Pagerank measures the importance of each node within the graph, based on the number incoming relationships and the importance of the corresponding source nodes

In [None]:
graph.get_or_create_vertex_property("pagerank", data_type='double', dim=0)
analyst = session.create_analyst()
analyst.pagerank(graph, tol=0.001, damping=0.85, max_iter=100, norm=False, rank='pagerank');

## Step 5: Query Graph

Run the following paragraph to query the BANK_GRAPH. This will return a result set which we can then print.

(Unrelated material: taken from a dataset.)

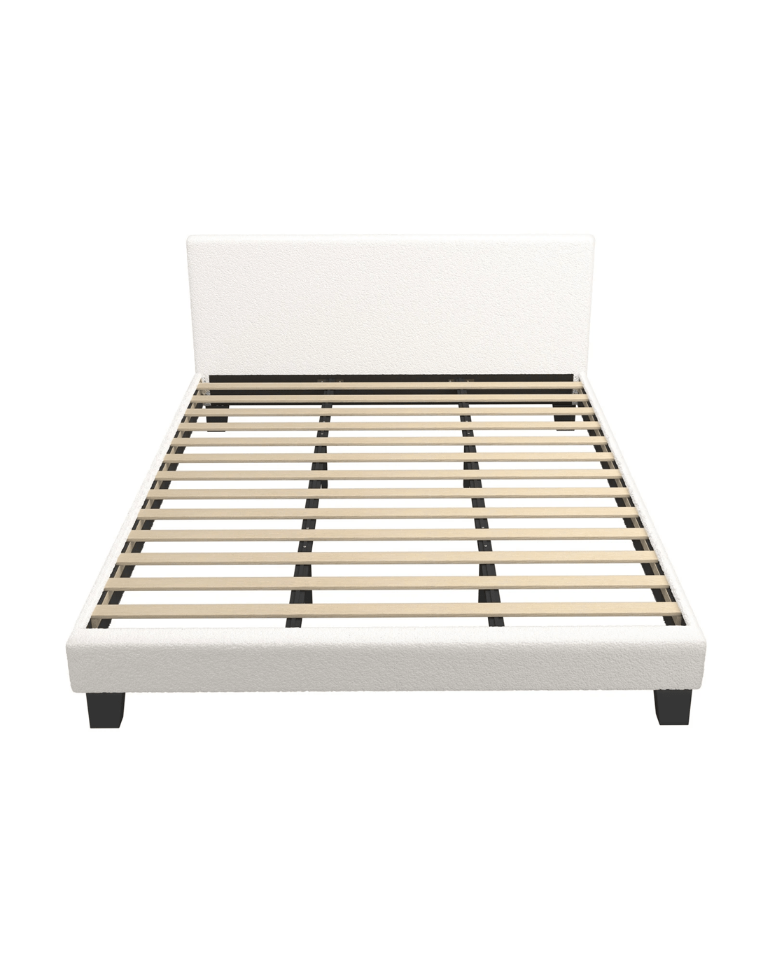 Create a calming bedroom with our Boucle Fabric series bed frame. Fitted with solid legs and plywood slats that designed with Velcro to hold it on the platform bed in place, this bed brings you the extra security that you need to get a good sleep throughout the night.
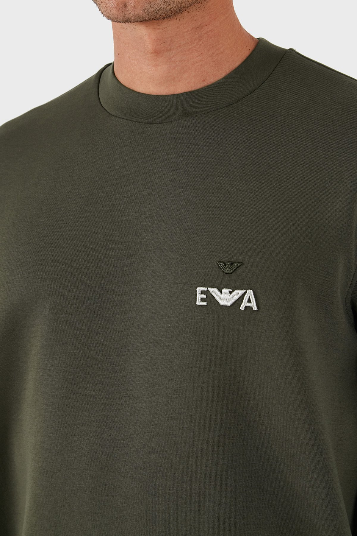 Logo İşlemeli Streç Pamuklu Regular Fit Bisiklet Yaka Erkek Sweat EM002919 AF10013 U8120 HAKİ

Later in the notebook, we will use this result set with some common Data Science conda packages.

In [None]:
rs = graph.execute_pgql("SELECT a.acct_id, a.pagerank_2 as pagerank FROM MATCH (a) ON bank_graph ORDER BY acct_id asc")
rs.print()

## Step 6: Convert to Pandas Dataframe 

In the following paragraphs, we will convert the result set to a pandas dataframe, and gather some basic statistics from that dataframe.

In [None]:
result_df = rs.to_pandas()
print(result_df)

In [None]:
# get basic statistics for the numerical columns of a Pandas DataFrame
result_df.describe()

In [None]:
# Calculate the standard deviation of the given set of numbers, DataFrame, column, and rows
result_df.std()

## Step 7: Create Visualization Charts
With our data organized as a data frame, we can easily use the matplotlib package to create charts for further analysis.

In [None]:
result_df.plot()
plt.show()

In [None]:
rs_df = graph.execute_pgql("SELECT a.acct_id, a.pagerank_2 as pagerank FROM MATCH (a) ON bank_graph").to_pandas()
df = rs_df.sort_values(by='acct_id', ascending=False)
accounts = df['acct_id']
values = df['pagerank']
plt.bar(accounts, values, color ='maroon', width = 0.4)
plt.xlabel("Account ID")
plt.ylabel("Page Rank Value")
plt.title("Page Rank Value by Account ID")
plt.show()

## Step 8: Close PGX Session

In [None]:
# Close the session after executing all graph queries
session.close()